I had the central strategy (which was obvious to me anyways) slightly spoiled for me and that was the use of dynamic programming to use the results of subproblems to help reduce the time needed to solve this backtracking problem. I wrote testcases and tried to identify the state, which I did correctly: the current indices of both the string s and pattern p. From here, I was able to code up the desired behavior for our base case (s_idx runs off of s) and continued to alter it for a while by including p_idx to manage further testcases. The recursive cases were not too complicated to code up but my logic for * cases was wrong, and I failed to resolve this on my own.

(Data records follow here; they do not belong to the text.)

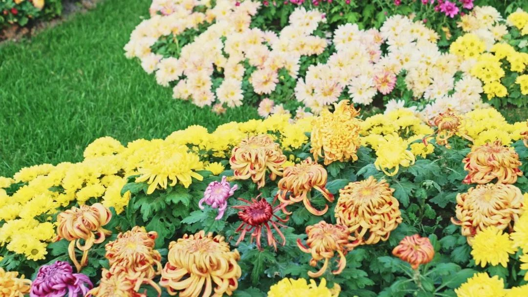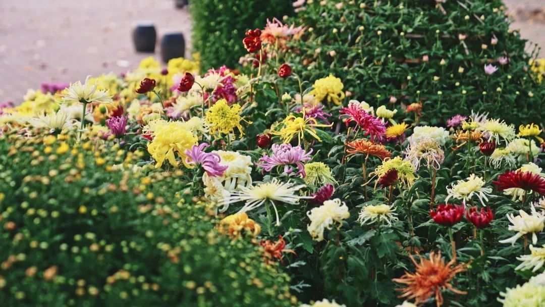 金秋时节,公园里的菊花大放异彩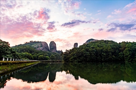 位于江西上饒市弋陽縣的龜峰,既有精雕細(xì)刻的靈巧,又有刀削斧劈的粗獷。景區(qū)內(nèi)有丹霞峰林、峰叢、孤峰石柱等自然景觀23種,有著“丹霞模式標(biāo)本”的美譽(yù)。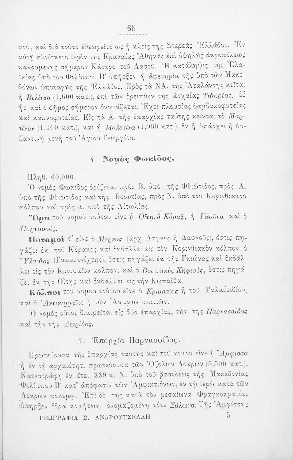 Σχολικό εγχειρίδιο Γεωγραφίας για τα Ελληνικά Σχολεία και τα Παρθεναγωγεία που αναλύει τη γεωμορφολογία της Γης και παρουσιάζει, διεξοδικά, κάποιους από τους νομούς της Ελλάδας και, συνοπτικά, τα γενικά χαρακτηριστικά των 5 ηπείρων.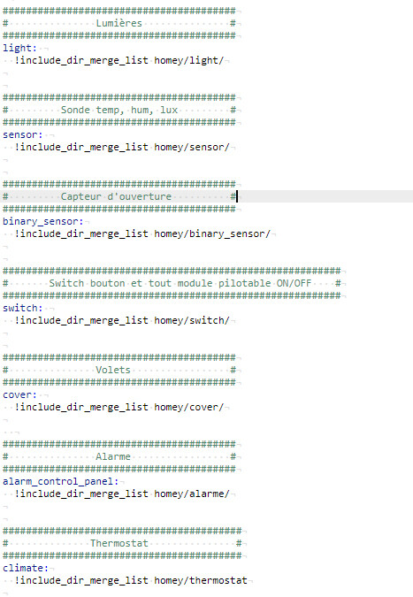 Pour éviter de rendre votre fichier « confiration.yaml » très vite imbuvable ou de faire une bourde, et afin de vous y retrouvez, je vous conseille de créer un dossier dans lequel vous mettrez tous vos « devices ». Pour ma part je l’ai nommé « homey » tout simplement.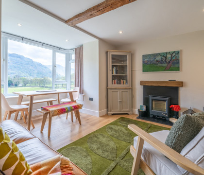 Arranged all on level, Brookside has a simple layout with an open plan kitchen / lounge / dining area, two smart and cosy bedrooms (one double and one twin) and the house bathroom. An eco-friendly air source heat pump keeps the house nice and warm at a steady temperature, but you can of course also enjoy the lovely ambience of a real fire in the logburner.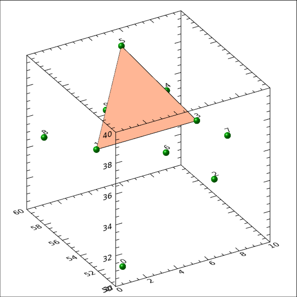 그런데 지난번 2차원 데이터에 대한 예제와 비교하면 내용이 좀 더 복잡해보이는 감은 있습니다. 이 값들은 대체 뭘까요? 원래 3차원 다각형(Polygon)은 개별 단위 요소에 해당되는 삼각형의 면(face)들 여러 개로 구성됩니다. 그래서 위에서 산출된 t가 3x14의 구조를 갖는 배열이라는 것은 QHULL에 의하여 산출된 최대 크기 다각형이 14개의 삼각형 면들로 구성된다는 의미입니다. 이 때 각각의 삼각형 면은 3개의 꼭지점들(vertices)로 구성됩니다. 따라서 위에서 숫자들로 출력된 내용 한 줄은 삼각형인 각 면을 구성하는 3개의 포인트들에 대한 인덱스 번호들입니다. 예를 들어 첫번째 라인의 0, 6, 8은 앞서 정의된 10개의 포인트들 중 첫번째, 일곱번째, 아홉번째 포인트를 뜻하며 이 포인트들로 구성되는 삼각형의 면이 최대 크기 다각형을 구성하는 14개의 면들 중 하나임을 뜻합니다. 그러면 이러한 삼각형의 면(face)이 실제로 어떻게 위치하는가를 살펴보기 위하여 이 면의 좌표값들을 얻고 표출도 해봅시다. 그 과정은 다음과 같습니다.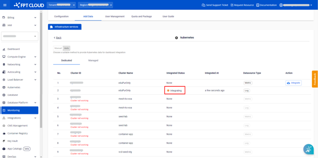 Bước 1 : Đăng nhập vào FPT portal cloud https://console.fptcloud.com Bước 2 : Trên menu của FPT Cloud Portal, click Monitoring. Bước 3 : Click chi tiết vào một Workspace, sau đó di chuyển tới Add Data tab. Bước 4 : Trong tab Infrastructure services , hiển thị danh sách các dịch vụ infrastructure đang sẵn có, click vào một dịch vụ bạn muốn monitor. Alt text Bước 5. Click Manual và sau đó làm theo hướng dẫn. Alt text Ngoài ra, FPT Monitoring hỗ trợ tích hợp tự động Kubernetes DedicatedKubernetes Managed. Việc tích hợp này giúp người dùng có thể cấu hình tích hợp theo dõi metric và log của từng cụm cluster dễ dàng và chuyên nghiệp. Để sử dụng tính năng này, người dùng thao tác như sau: Bước 1 : Trong tab Infrastructure service , click Kubernetes Alt text Bước 2 : Click Auto. Tại đây, hiển thị bảng danh sách các cụm cluster DedicatedManaged. Alt text Lưu ý: Trong trường hợp người dùng chưa có cụm cluster nào hiển thị, người dùng vào phần Kubernetes trên menu, click Create a Kubernetes Engine để tạo. Hướng dẫn chi tiết khởi tạo Kubernetes người dùng có thể tham khảo tại link sau: https://fptcloud.com/documents/managed-fpt-kubernetes-engine/ https://fptcloud.com/documents/dedicated-fpt-kubernetes-engine/ Nếu tenant của bạn không có quyền tạo, hãy liên hệ với đội ngũ admin của chúng tôi để hỗ trợ.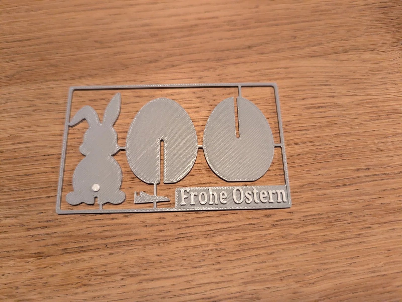 - Cài đặt in: Lớp in (layer height) lý tưởng nhất là 0.2mm hoặc thấp hơn để các chi tiết như chữ "Frohe Ostern" và đường viền của thỏ được sắc nét nhất.

Below is the code for the recursive cases:
elif p[p_idx] == '.' or s[s_idx] == p[p_idx]:
prev_char = p[p_idx]
dp[(s_idx, p_idx)] = True if backtrack(s_idx + 1, p_idx + 1) else dp[(s_idx, p_idx)]
print('dp mv 1,1')
return dp[(s_idx, p_idx)]
elif p[p_idx] == '*' and (prev_char == s[s_idx] or prev_char == '.'):
temp_s_idx = s_idx + 1
while temp_s_idx > len(s) and (s[temp_s_idx] == prev_char or prev_char == '.'):
dp[(s_idx, p_idx)] = True if backtrack(temp_s_idx, p_idx) else dp[(s_idx, p_idx)]
if dp[(s_idx, p_idx)]:
print('dp5')
return dp[(s_idx, p_idx)]
temp_s_idx += 1
if temp_s_idx == len(s): # we done
return True
dp[(s_idx, p_idx)] = True if backtrack(temp_s_idx, p_idx) else dp[(s_idx, p_idx)]
What I Missed
This failed to catch this testcase: (s=’aab’, p=’c*a*b’). This case fails since my code doesn’t reflect that a * indicates an element appears 0 or more times. Since my code didn’t “look ahead” one position toward the star before evaluating an element, it assumed that a character always appears at least once.
Approach to the Solution
Further fleshing out my idea can lead to adding a case for when the prev_char is appropriately updated and the * character is observed.
Key Takeaways
Find state faster. Think about how far you need to “look back” in a string before determining if a “pattern match is observed”. This encourages a more simple pointer design where we look at p_idx + 1 before evaluating further cases.